Below are some entries. Transcribe the lines from the one holding "At Aries, a" to the one holding "这是在广西阳朔县兴坪镇拍摄的漓江风光(2022年8月25日摄,无人机照片)。新华社记者 周华 摄", inclusive, but not the pictures among them.
·····
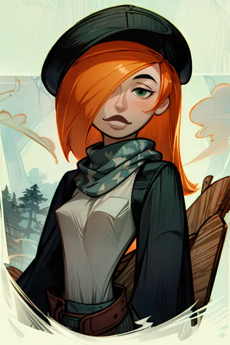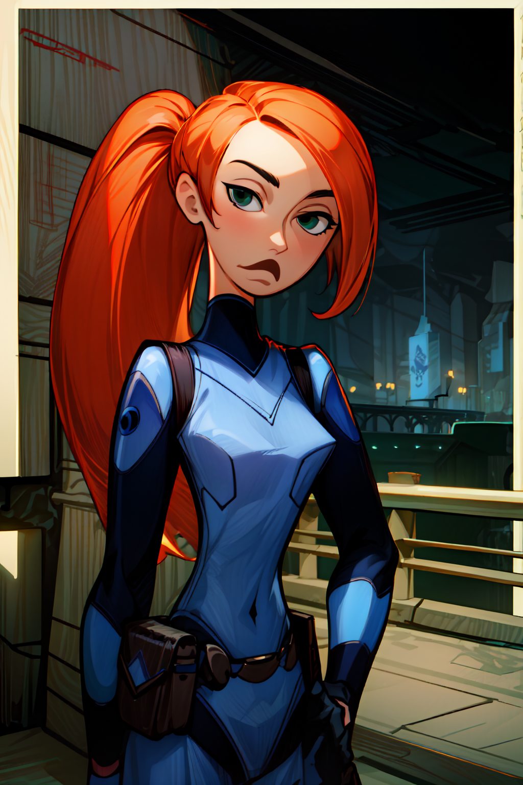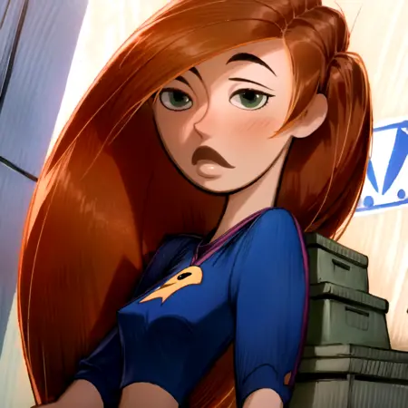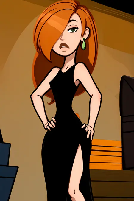 긴 주황색 머리카락, 미소, 배꼽, 허리
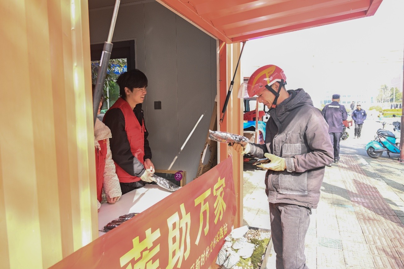 会场启动仪式圆满落幕后,我院志愿者迅速响应,赴往社区分会场,开展志愿服务活动,为在寒风中工作的快递员、外卖员和环卫工人送上了保暖手套,并细心询问他们的实际需求。
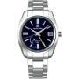Grand Seiko Heritage SBGE281 - men's watch produced by Seiko. It is equipped with Japanese spring drive movement and 9R66 calibre. Stainless steel case of round shape. Case dimensions are 40 mm. in diameter and 13.5 mm. in thickness. The dial of this Grand Seiko watch is midnight blue. Display type: analog. This timepiece has sapphire, antireflection coating glass. Stainless steel band, band color: silver. 100 m. water resistance. The watch is from Heritage collection. The following features are equipped: antimagnetic, dual time, screw-down crown, date, power reserve indicator.
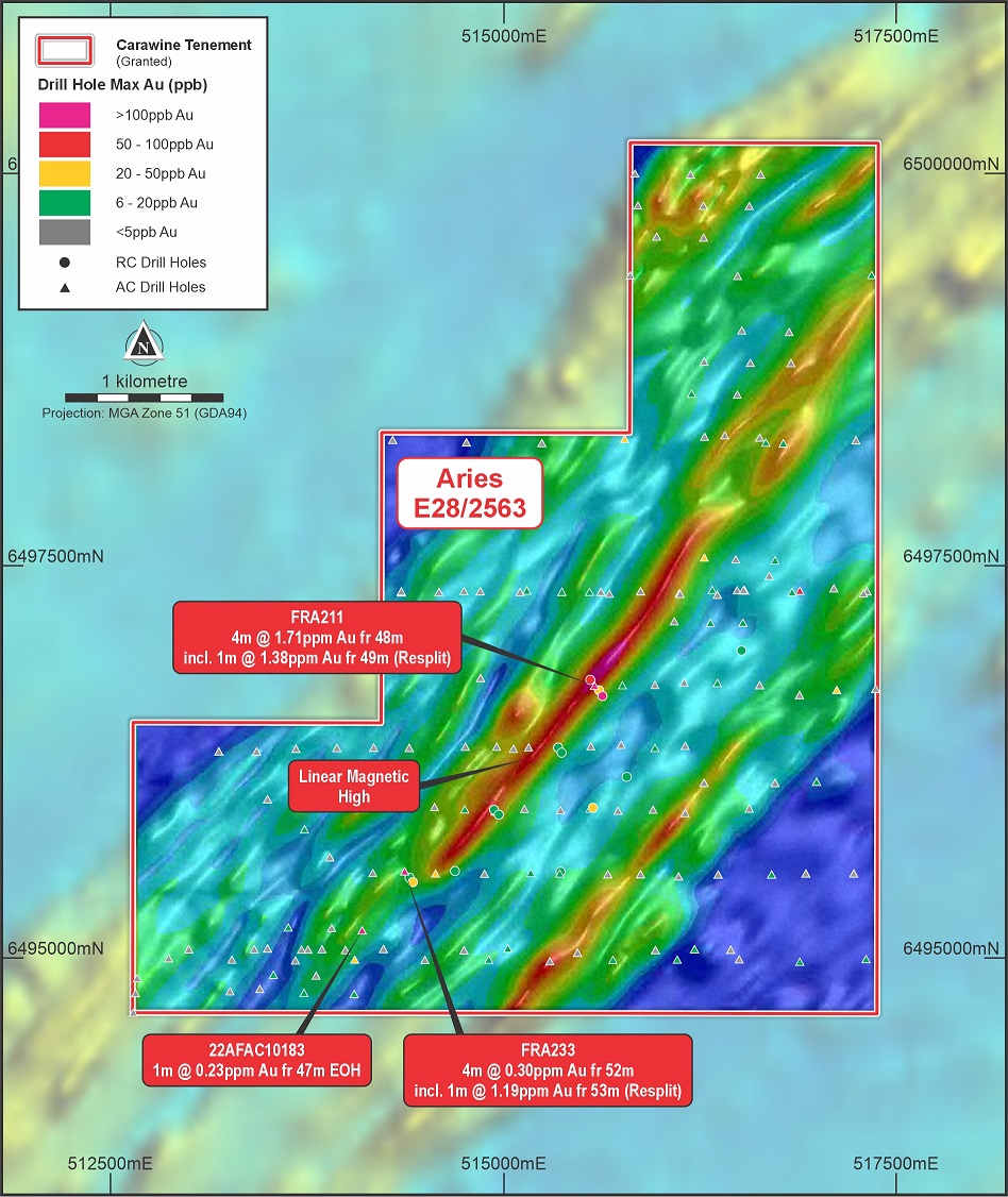 At Aries, a new gold target has been identified from previous exploration data, comprising a 3.5km-long northeast-trending linear magnetic high feature and associated anomalous drill hole gold intervals, including:
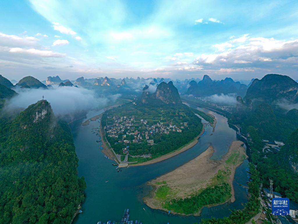 这是在广西阳朔县兴坪镇拍摄的漓江风光(2022年8月25日摄,无人机照片)。新华社记者 周华 摄
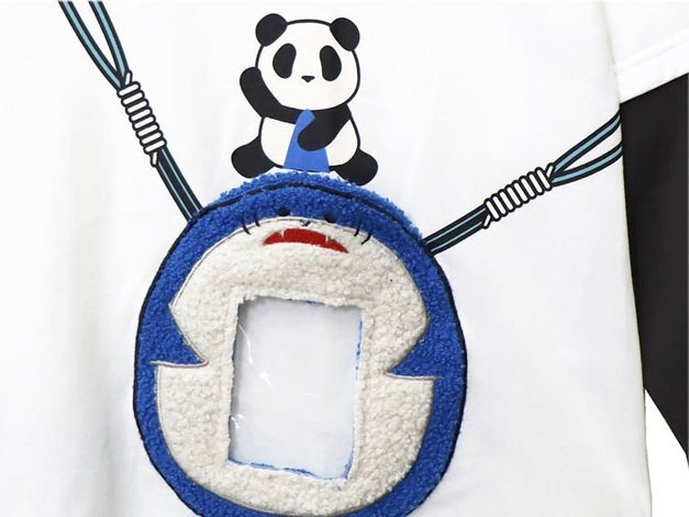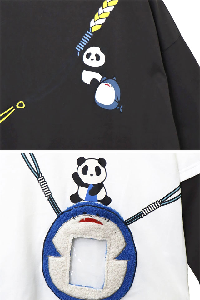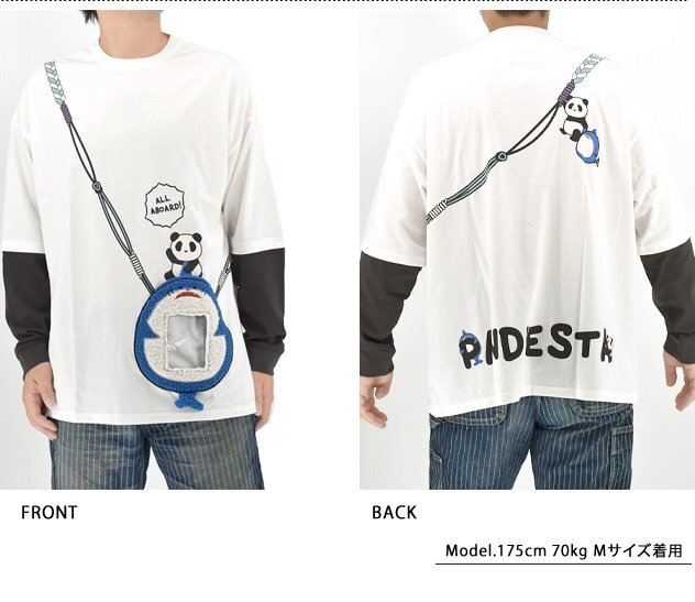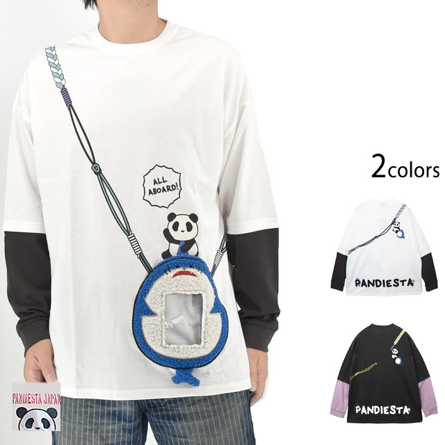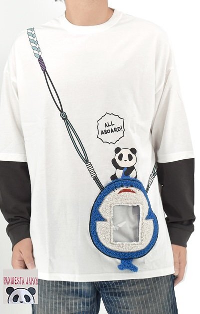 和柄ブランド【錦】の姉妹ブランドとして誕生した、お茶目なパンダをモチーフとした【PANDIESTA JAPAN】より「サメ型スマホショルダー風ポケット付きロングTシャツ(595750)」のご紹介です。 今や、錦の定番モチーフとなった「錦PANDA」!! 今回は重ね着風に見えるフェイクレイヤードのロングスリーブTシャツが登場しました。 リリース毎でご好評いただいておりますサコッシュポケットのアイテムに新商品が登場しました。 ロープワークが特徴のサコッシュをTシャツにデザインしており、そのサコッシュはポケットとして実際にお使いいただけるギミックが面白い一枚です。 モコモコとした立体的な素材感が特徴のアクリルボアを用いてサコッシュをデザインした長袖Tシャツになります。 身幅と肩幅に余裕を持たせたビッグサイズシルエットは、男女問わずスタイリングが可能。 幅広いシーズンでお使いいただけます。 | ||||||||||||||||||||
·····
Reply:
 At Aries, a new gold target has been identified from previous exploration data, comprising a 3.5km-long northeast-trending linear magnetic high feature and associated anomalous drill hole gold intervals, including:
 这是在广西阳朔县兴坪镇拍摄的漓江风光(2022年8月25日摄,无人机照片)。新华社记者 周华 摄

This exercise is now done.